======== PROVIDED INFORMATION

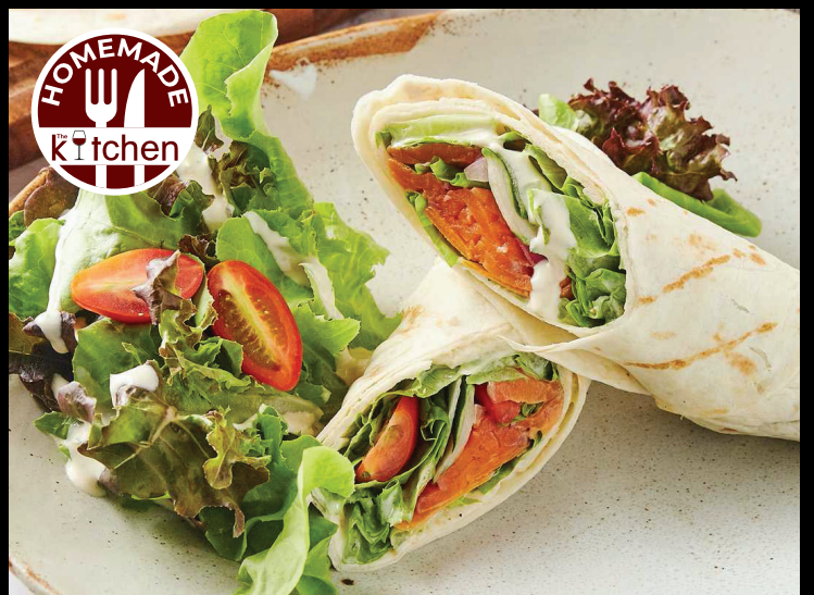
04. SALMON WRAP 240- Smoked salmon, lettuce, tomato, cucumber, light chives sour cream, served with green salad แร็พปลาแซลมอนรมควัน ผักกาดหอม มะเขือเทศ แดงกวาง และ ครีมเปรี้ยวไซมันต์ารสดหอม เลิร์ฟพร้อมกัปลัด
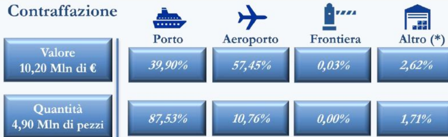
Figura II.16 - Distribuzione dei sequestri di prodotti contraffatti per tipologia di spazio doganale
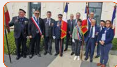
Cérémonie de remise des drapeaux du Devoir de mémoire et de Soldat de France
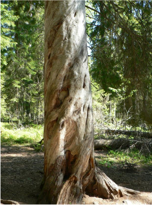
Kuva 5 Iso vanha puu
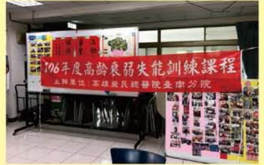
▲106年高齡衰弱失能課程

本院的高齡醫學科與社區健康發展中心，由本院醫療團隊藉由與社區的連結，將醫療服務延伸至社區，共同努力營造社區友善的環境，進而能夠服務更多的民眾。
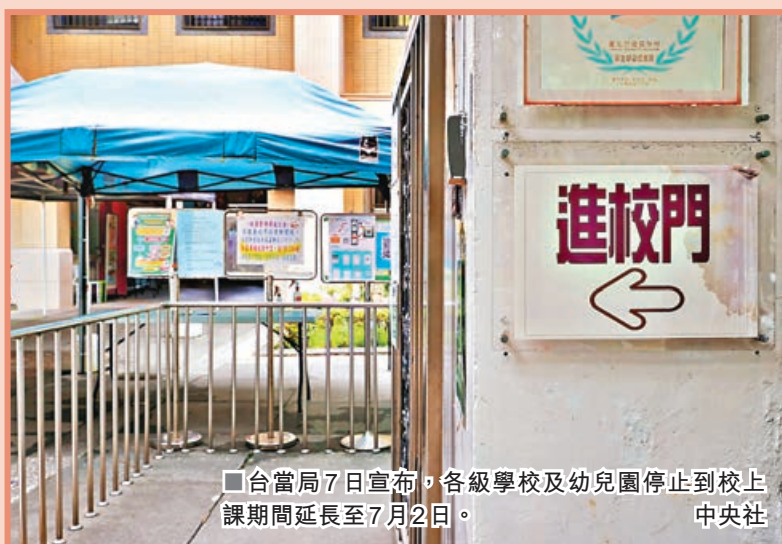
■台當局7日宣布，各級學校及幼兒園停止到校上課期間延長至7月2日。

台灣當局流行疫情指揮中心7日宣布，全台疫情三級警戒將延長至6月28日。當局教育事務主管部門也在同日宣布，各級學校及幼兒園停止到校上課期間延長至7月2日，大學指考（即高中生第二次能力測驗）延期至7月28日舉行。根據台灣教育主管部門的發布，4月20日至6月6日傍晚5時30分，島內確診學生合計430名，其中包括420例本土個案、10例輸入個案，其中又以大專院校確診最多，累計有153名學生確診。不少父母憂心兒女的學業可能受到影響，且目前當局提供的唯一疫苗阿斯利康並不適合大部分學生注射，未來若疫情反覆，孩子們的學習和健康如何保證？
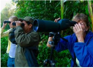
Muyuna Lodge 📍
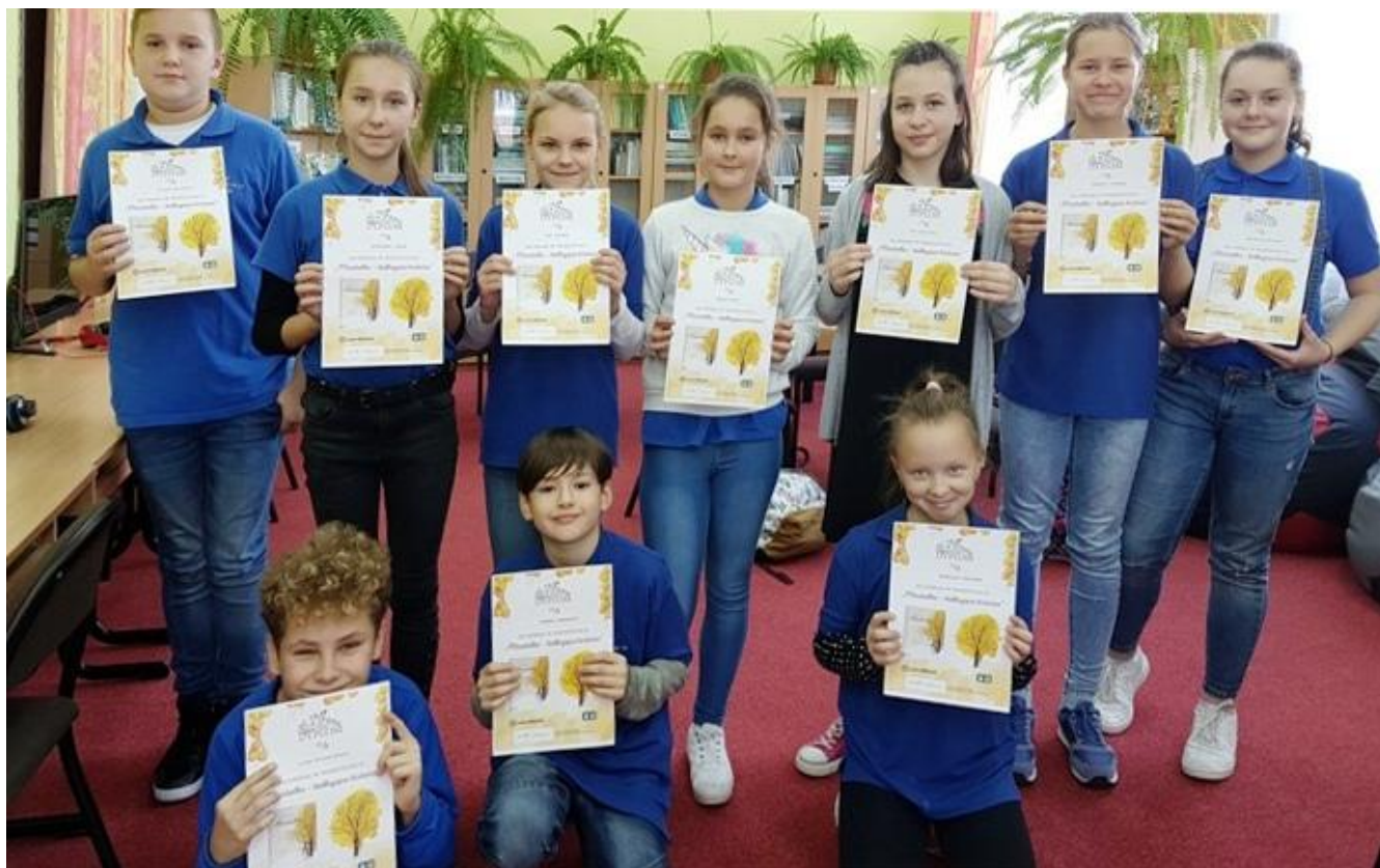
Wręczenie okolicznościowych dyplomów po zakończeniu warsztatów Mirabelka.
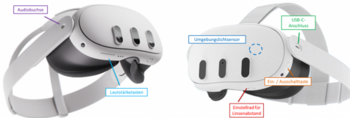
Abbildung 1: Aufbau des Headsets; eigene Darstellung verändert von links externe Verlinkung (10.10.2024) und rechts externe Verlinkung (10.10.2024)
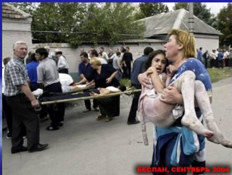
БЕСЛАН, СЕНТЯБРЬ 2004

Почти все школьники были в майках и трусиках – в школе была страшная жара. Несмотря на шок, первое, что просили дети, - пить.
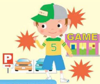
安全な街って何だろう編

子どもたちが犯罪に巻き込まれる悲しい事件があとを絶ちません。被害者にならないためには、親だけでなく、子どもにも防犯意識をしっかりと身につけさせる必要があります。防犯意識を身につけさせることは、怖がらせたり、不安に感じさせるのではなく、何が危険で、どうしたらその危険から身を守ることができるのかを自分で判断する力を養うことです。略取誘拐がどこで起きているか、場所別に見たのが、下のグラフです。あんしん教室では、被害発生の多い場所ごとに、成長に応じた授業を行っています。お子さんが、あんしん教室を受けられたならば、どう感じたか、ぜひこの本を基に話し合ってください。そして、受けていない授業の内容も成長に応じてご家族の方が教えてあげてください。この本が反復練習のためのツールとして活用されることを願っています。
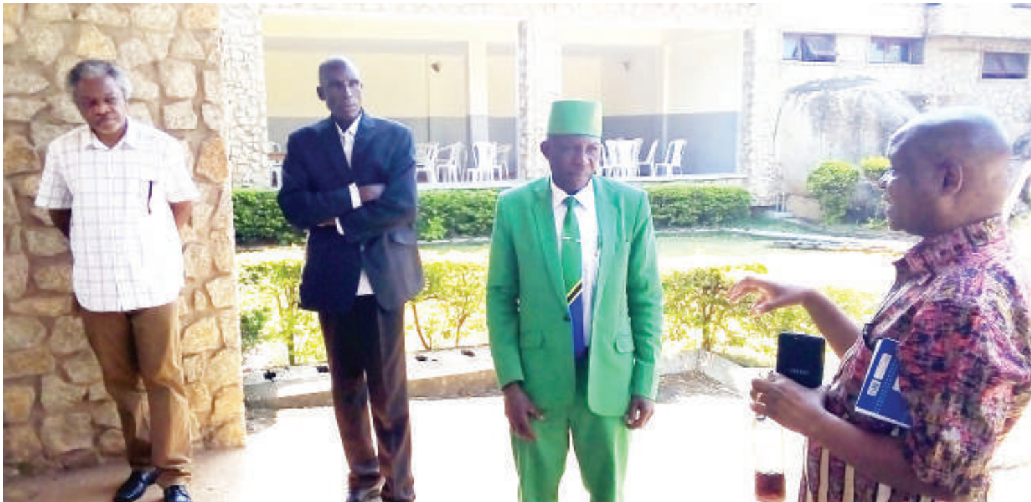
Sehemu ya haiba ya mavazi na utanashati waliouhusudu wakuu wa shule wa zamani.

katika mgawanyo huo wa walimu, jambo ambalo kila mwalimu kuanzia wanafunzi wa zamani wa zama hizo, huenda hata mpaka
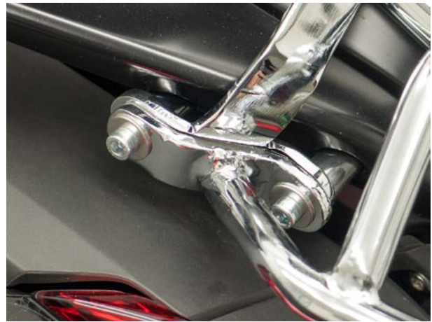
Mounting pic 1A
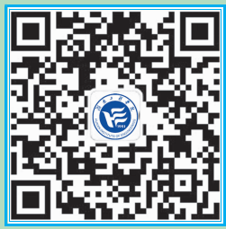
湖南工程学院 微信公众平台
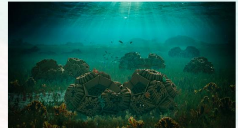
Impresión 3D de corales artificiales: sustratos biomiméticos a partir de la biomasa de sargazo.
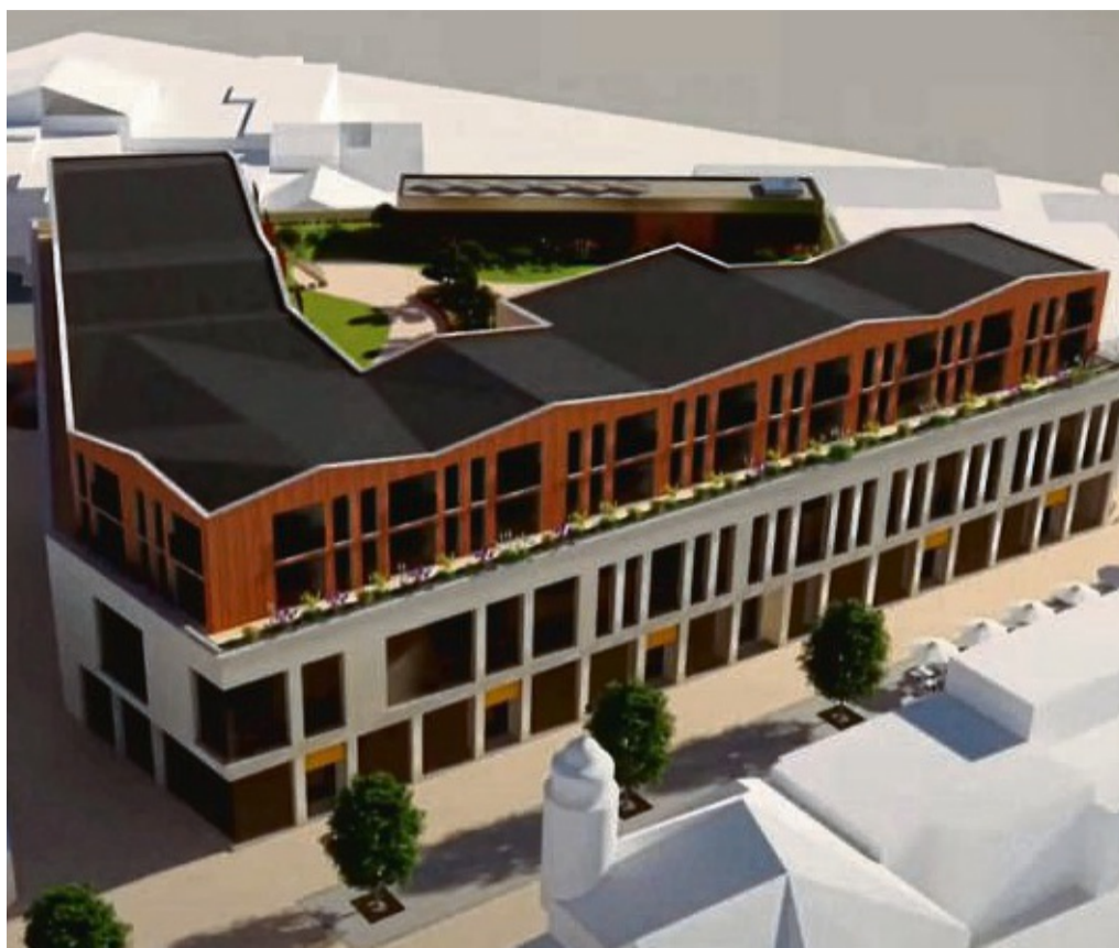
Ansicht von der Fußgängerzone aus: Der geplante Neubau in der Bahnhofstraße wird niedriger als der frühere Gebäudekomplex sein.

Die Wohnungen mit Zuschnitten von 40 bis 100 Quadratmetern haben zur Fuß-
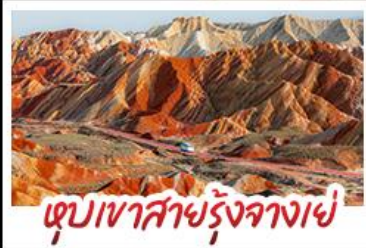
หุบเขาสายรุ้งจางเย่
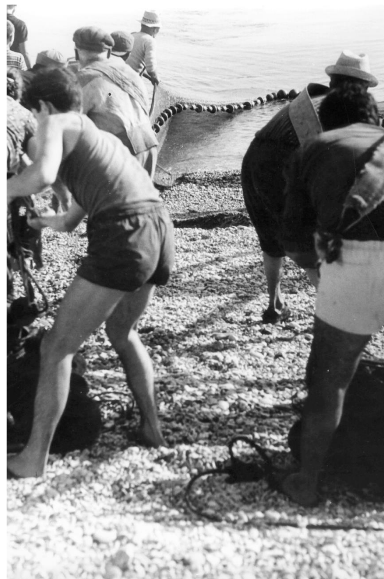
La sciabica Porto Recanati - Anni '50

================

- _PROBLEM STATEMENT_: The expected result is every record above, word for word, with no pictures in it.

- _YOUR RESPONSE_:
04. SALMON WRAP 240- Smoked salmon, lettuce, tomato, cucumber, light chives sour cream, served with green salad แร็พปลาแซลมอนรมควัน ผักกาดหอม มะเขือเทศ แดงกวาง และ ครีมเปรี้ยวไซมันต์ารสดหอม เลิร์ฟพร้อมกัปลัด
Figura II.16 - Distribuzione dei sequestri di prodotti contraffatti per tipologia di spazio doganale
Cérémonie de remise des drapeaux du Devoir de mémoire et de Soldat de France
Kuva 5 Iso vanha puu
▲106年高齡衰弱失能課程

本院的高齡醫學科與社區健康發展中心，由本院醫療團隊藉由與社區的連結，將醫療服務延伸至社區，共同努力營造社區友善的環境，進而能夠服務更多的民眾。
■台當局7日宣布，各級學校及幼兒園停止到校上課期間延長至7月2日。

台灣當局流行疫情指揮中心7日宣布，全台疫情三級警戒將延長至6月28日。當局教育事務主管部門也在同日宣布，各級學校及幼兒園停止到校上課期間延長至7月2日，大學指考（即高中生第二次能力測驗）延期至7月28日舉行。根據台灣教育主管部門的發布，4月20日至6月6日傍晚5時30分，島內確診學生合計430名，其中包括420例本土個案、10例輸入個案，其中又以大專院校確診最多，累計有153名學生確診。不少父母憂心兒女的學業可能受到影響，且目前當局提供的唯一疫苗阿斯利康並不適合大部分學生注射，未來若疫情反覆，孩子們的學習和健康如何保證？
Muyuna Lodge 📍
Wręczenie okolicznościowych dyplomów po zakończeniu warsztatów Mirabelka.
Abbildung 1: Aufbau des Headsets; eigene Darstellung verändert von links externe Verlinkung (10.10.2024) und rechts externe Verlinkung (10.10.2024)
БЕСЛАН, СЕНТЯБРЬ 2004

Почти все школьники были в майках и трусиках – в школе была страшная жара. Несмотря на шок, первое, что просили дети, - пить.
安全な街って何だろう編

子どもたちが犯罪に巻き込まれる悲しい事件があとを絶ちません。被害者にならないためには、親だけでなく、子どもにも防犯意識をしっかりと身につけさせる必要があります。防犯意識を身につけさせることは、怖がらせたり、不安に感じさせるのではなく、何が危険で、どうしたらその危険から身を守ることができるのかを自分で判断する力を養うことです。略取誘拐がどこで起きているか、場所別に見たのが、下のグラフです。あんしん教室では、被害発生の多い場所ごとに、成長に応じた授業を行っています。お子さんが、あんしん教室を受けられたならば、どう感じたか、ぜひこの本を基に話し合ってください。そして、受けていない授業の内容も成長に応じてご家族の方が教えてあげてください。この本が反復練習のためのツールとして活用されることを願っています。
Sehemu ya haiba ya mavazi na utanashati waliouhusudu wakuu wa shule wa zamani.

katika mgawanyo huo wa walimu, jambo ambalo kila mwalimu kuanzia wanafunzi wa zamani wa zama hizo, huenda hata mpaka
Mounting pic 1A
湖南工程学院 微信公众平台
Impresión 3D de corales artificiales: sustratos biomiméticos a partir de la biomasa de sargazo.
Ansicht von der Fußgängerzone aus: Der geplante Neubau in der Bahnhofstraße wird niedriger als der frühere Gebäudekomplex sein.

Die Wohnungen mit Zuschnitten von 40 bis 100 Quadratmetern haben zur Fuß-
หุบเขาสายรุ้งจางเย่
La sciabica Porto Recanati - Anni '50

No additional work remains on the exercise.